I’ve never made a forecast and I doubt that there would be any value in what I put forward if I did make one, Schroeder. What difference could it make what some individual who posts on the internet says he thinks is going to happen? I mean, come on.
The Stock-Return Predictor reports what the historical data says about the possibilities for stocks purchased at today’s prices. You can use that to get a sense of the long-term value proposition of stocks and then compare that to the long-term value proposition of any of the alternate asset classes. Be sure to factor in the long-term gains you will obtain from being able to use money that you protect from loss by moving it out of stocks today to invest in stocks when they are at lower prices and offer a more appealing long-term value proposition.
Rob
John Walter Russell says
Your article highlights one of the worst things about the Efficient Market Hypothesis: the jargon.
Larry Swedroe was unable to escape the jargon. That got him to look at risk and reward backwards.
You should never accept a risk unless you are generously compensated for doing so. High risk, however, often means poor returns.
Have fun.
John Walter Russell
Rob says
Your article highlights one of the worst things about the Efficient Market Hypothesis: the jargon.
Boy, do I ever agree with this one.
Jargon is used to obfuscate. Those who possess a good understanding of the investing realities do not feel a need to resort to the use of jargon. When you know what you are talking about, you can state it clearly. Passive Investing enthusiasts always end up resorting to jargon sooner or later.

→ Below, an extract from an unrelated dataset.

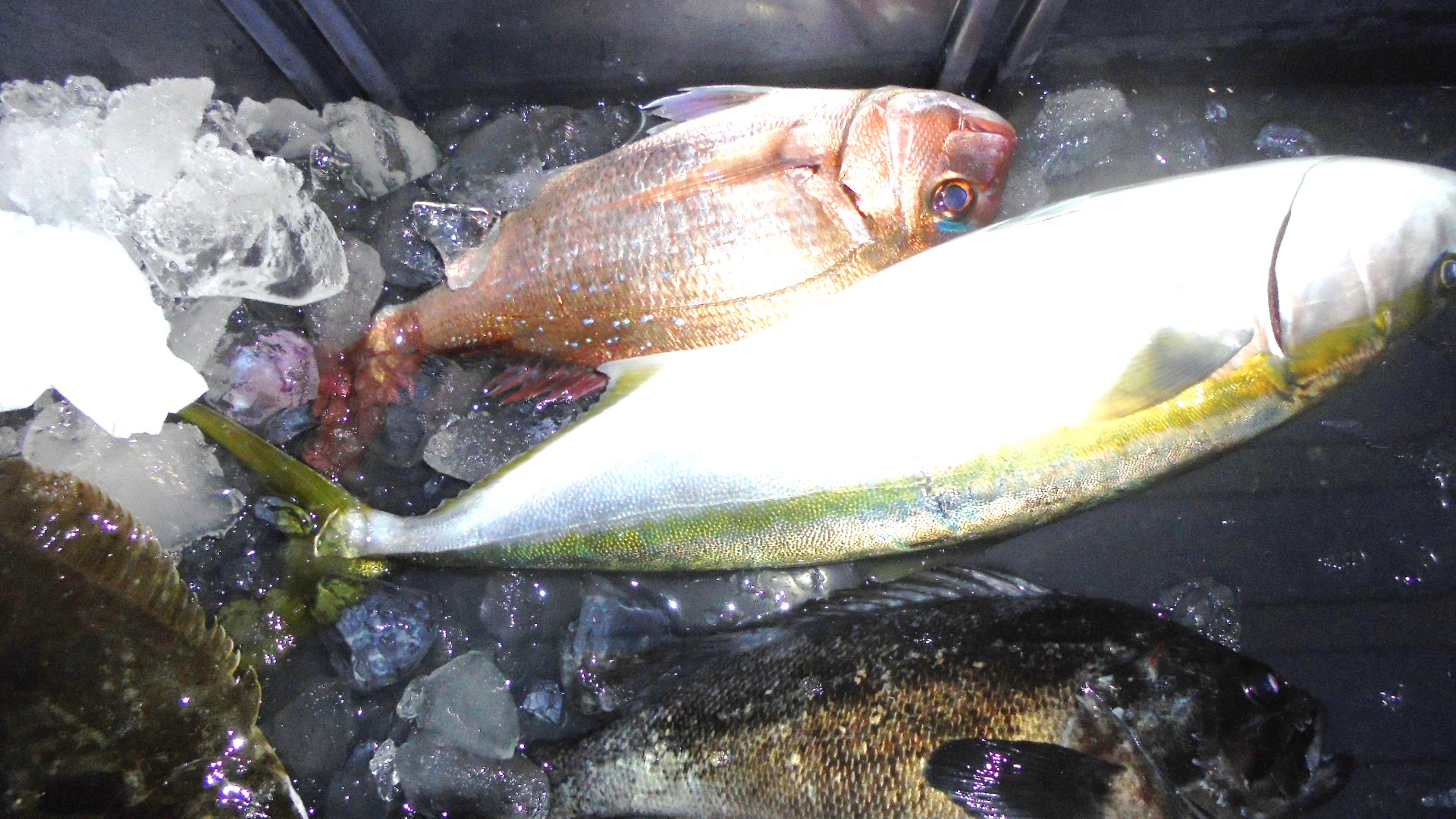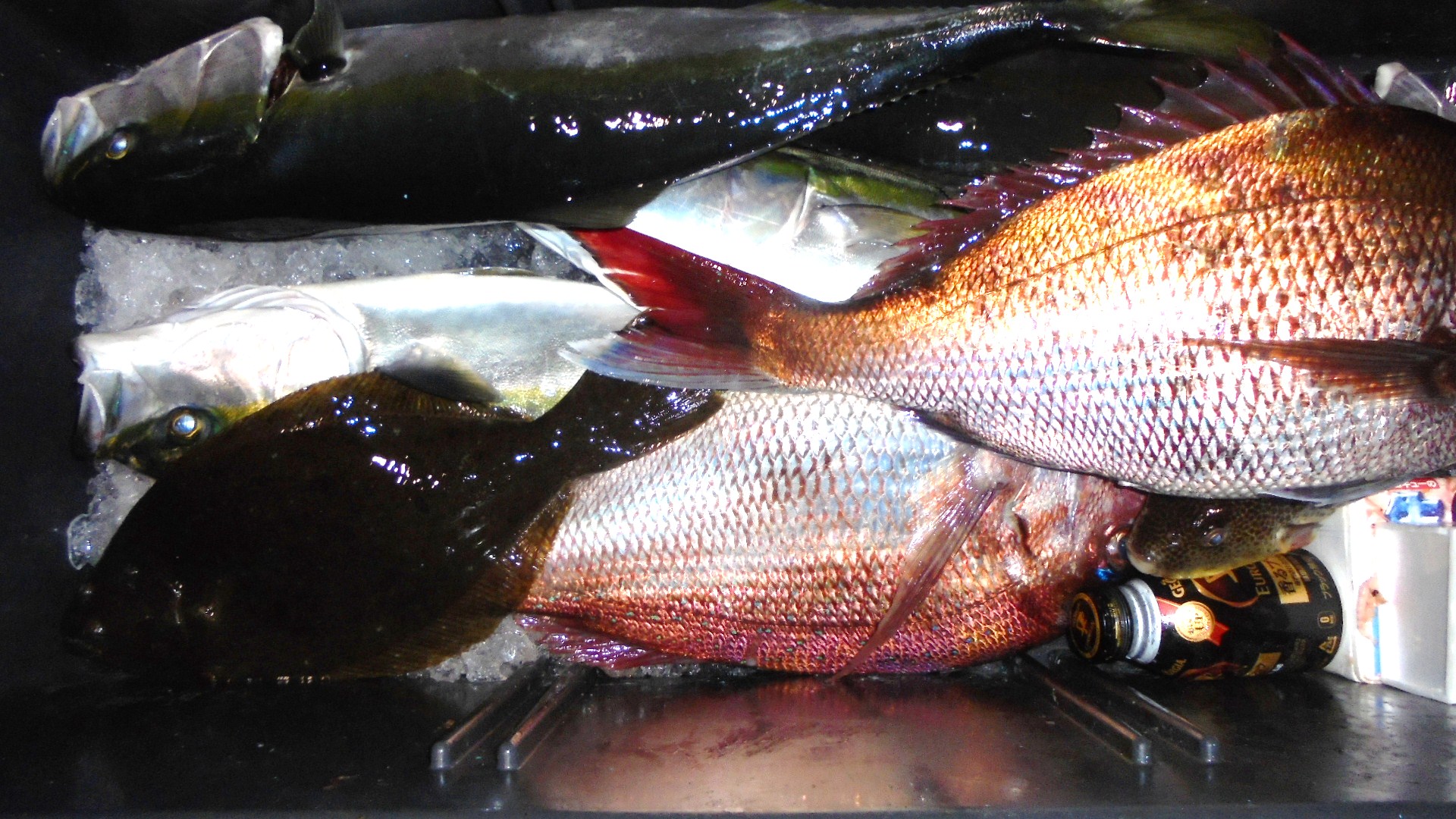 マダイ 24尾、ヒラメ 5尾、イナワラ 13尾、

Many middle-class investors have a sense that the case for Passive Investing does not add up. But they hear the “Experts” using lots of big words and they are intimidated into thinking that they must be missing something, there must be something to this concept that they are just not quite able to grasp. The reality is just the opposite. The use of jargon by those pushing this idea is not a sign that they know more than those of us who have doubts for common-sense reasons but that they know less than those of us who have doubts for common-sense reasons.
The use of jargon is a bad sign. It’s a sign that you need to ask more questions, not that you should be intimidated into dropping the ones you started with. Those who are not able to respond to questioning with clear, sensible responses do not possess a firm grasp of the realities.
“Experts” who find themselves using jargon should return to the fundamentals and spend some effort figuring out where it is that they got on the wrong track.
Rob
LaughingAtRob says
First, ‘passive’ investing just means not picking stocks. What you seem to be ‘crusading’ against is ‘buy and hold’.
Unfortunately, it is a tough sell since buy and hold has done so well over long periods of time.
The ‘jargon’ aspect is hilarious since Rob himself does not understand what he is saying most of the time.
Rob says
First, ‘passive’ investing just means not picking stocks.
We are not in agreement re this, Laughing.
Your choice of a screen-name reveals to all reasonable people a lot about the Passive Investing mindset.
Where does this sort of hostility come from? It comes from trying to defend an idea that has no support in common sense or in the historical data.
The Passive Investing mindset not only does damage to your portfolio. It does damage to your soul.
Not this boy. I can’t go for that. No can do.